Alright then.  A few minutes later I was sharing with my Haitian brothers and sisters in Christ about how I came to have a personal relationship with the Lord and a tidbit of what the Lord has been teaching me at my home church, in my women's bible study group.  I shared on these verses from Romans 12:

9 Love must be sincere. Hate what is evil; cling to what is good. 10 Be devoted to one another in love. Honor one another above yourselves. 11 Never be lacking in zeal, but keep your spiritual fervor, serving the Lord. 12 Be joyful in hope, patient in affliction, faithful in prayer. 13 Share with the Lord’s people who are in need. Practice hospitality. 

This portion of Romans 12 is called 'Love in Action'.  Isn't that the heart behind missions?

Sunday afternoon we went to 2 of 3 orphanages run by a pastor we were working with.  This was a highlight of the trip for me...

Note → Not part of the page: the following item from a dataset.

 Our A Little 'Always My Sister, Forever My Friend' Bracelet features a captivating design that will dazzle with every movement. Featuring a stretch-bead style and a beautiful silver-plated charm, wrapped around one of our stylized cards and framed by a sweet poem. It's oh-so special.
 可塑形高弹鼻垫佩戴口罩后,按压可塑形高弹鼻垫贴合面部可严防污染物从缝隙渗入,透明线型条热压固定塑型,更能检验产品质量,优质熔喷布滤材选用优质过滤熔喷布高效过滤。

The pastor told us that it costs about one US dollar per child to feed them a meal.  So they could eat three meals a day if they had $3 per kid per day...which they don't always have.  I of course thought of myself and my daily sonic drink runs...talk about perspective.  I didn't go to Haiti to feel bad about what I have, and I don't.  But I'm humbled to realize that even when I feel like I'm 'struggling to get by', I have no idea what it means to go without.

My life was changed but maybe not in the ways you think.  I didn't leave the week feeling sorry for people who don't live like we do here, in America.  My heart did break a few times, especially at the orphanage but not for the 'things' these kids don't have (the list of which is long) but for the lack of love they experience.  These children were beautiful and they couldn't get enough hugs and attention from us.  We literally walked the orphanages with a kid on each hip and there were more waiting their turn.

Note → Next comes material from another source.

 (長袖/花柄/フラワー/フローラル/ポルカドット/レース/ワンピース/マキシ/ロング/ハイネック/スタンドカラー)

I've confessed a time or two that I'm not a 'kid person' but I would have brought a dozen back with me if I could have. Most of these children will not be adopted.  They will live together in these orphanaged until 18-20 when the church people will try to set them up as best they can for success in Haitian society.

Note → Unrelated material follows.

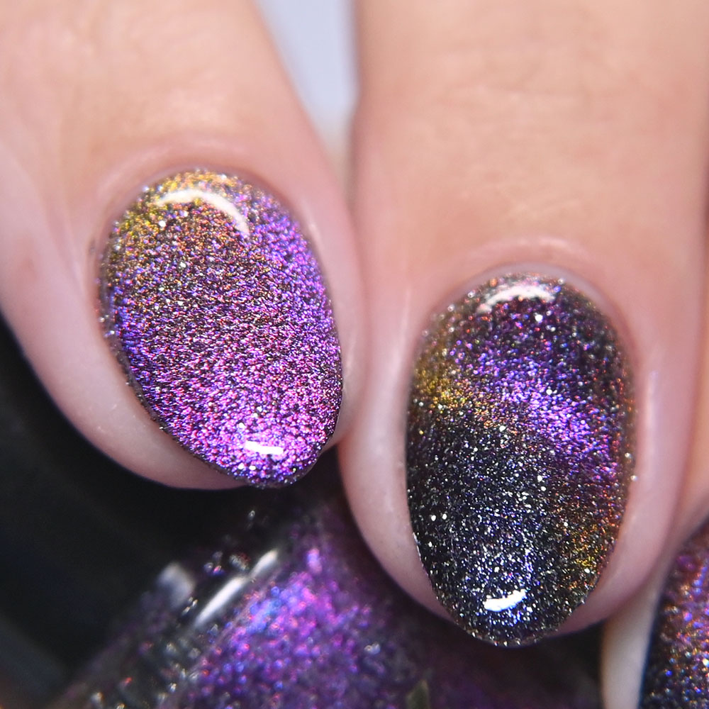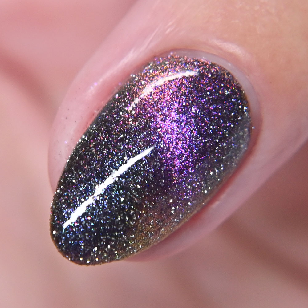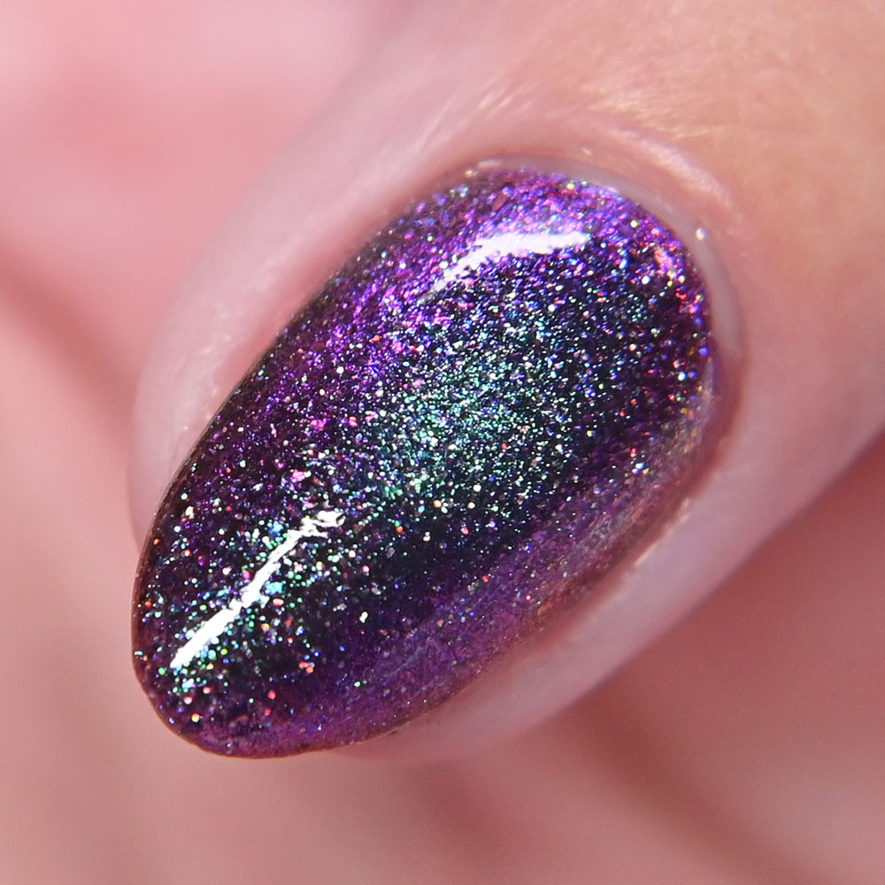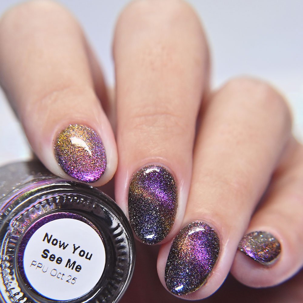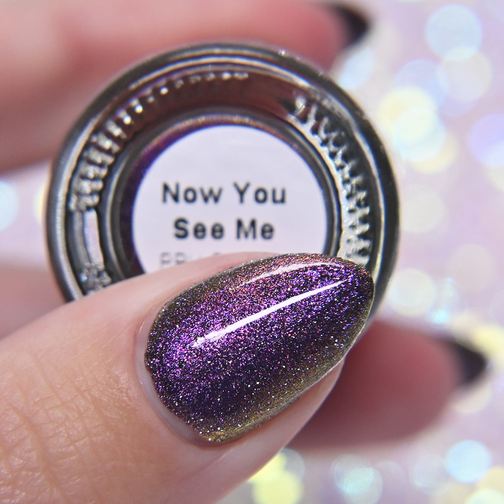Description: Now You See Me is a blackened purple base with magnetic multichrome pigment that shifts purple, pink, gold, green, and blue, with silver reflective glitter.

It was above all a humbling experience.  It's easy to forget how blessed we are amongst our day to day problems but we have so much to be grateful for.  I'm thankful that my niece doesn't have to miss a meal.  That she's never without arms ready to hold her.  She won't have to sleep in a bed without sheets.  She will never be raised amongst 62 other children by one person.

This trip renewed my love for adoption.  I've shared many a times that adoption is close to my heart as my own Dad was adopted at birth.  I believe that we as believers are called to take care of the orphans.  This brought that point home to me like never before.  I hope one day I will be able to take in a few orphans myself.  It's the ultimate visual of God adopting us, isn't it?

Monday started are work week and I can't wait to tell/show you what THAT was like ( I think you'll all be fascinated by my role)... you can anxiously await that later this week.

Love,
B

6 comments:

Established: 2008 said...

I love the book of Romans. It is always such a great wake up call. It sounds like your trip was amazing!

Kenj said...

Even though I didn't go, I feel like I am learning through you. It is such a wonderful feeling. I would love to take a mission trip.

Darby Hawley said...

I am loving your recaps so far!

Ashley said...

My goodness Becca, I have tears from reading these recaps! I am so proud of you for taking this trip and a little bit jealous that I didn't get to go too :)

Amber said...

I am SO proud of you. I'm sure you're an amazing public speaker anyway, so no need to be nervous ;) And how cute are those little Haitian babies with you?! LOVE!

Unknown said...

I have written down these verses - both great! I'm proud of you for giving your testimony!

A few weeks ago, our church sent a team to Haiti. When they returned, I knew that I would go on the next trip. I hope and pray that Michael and I are able to go together.

Our church has been several times and they are actually working on an orphanage. I'd probably want to come home with a few, too!

Another great recap - I'm loving this!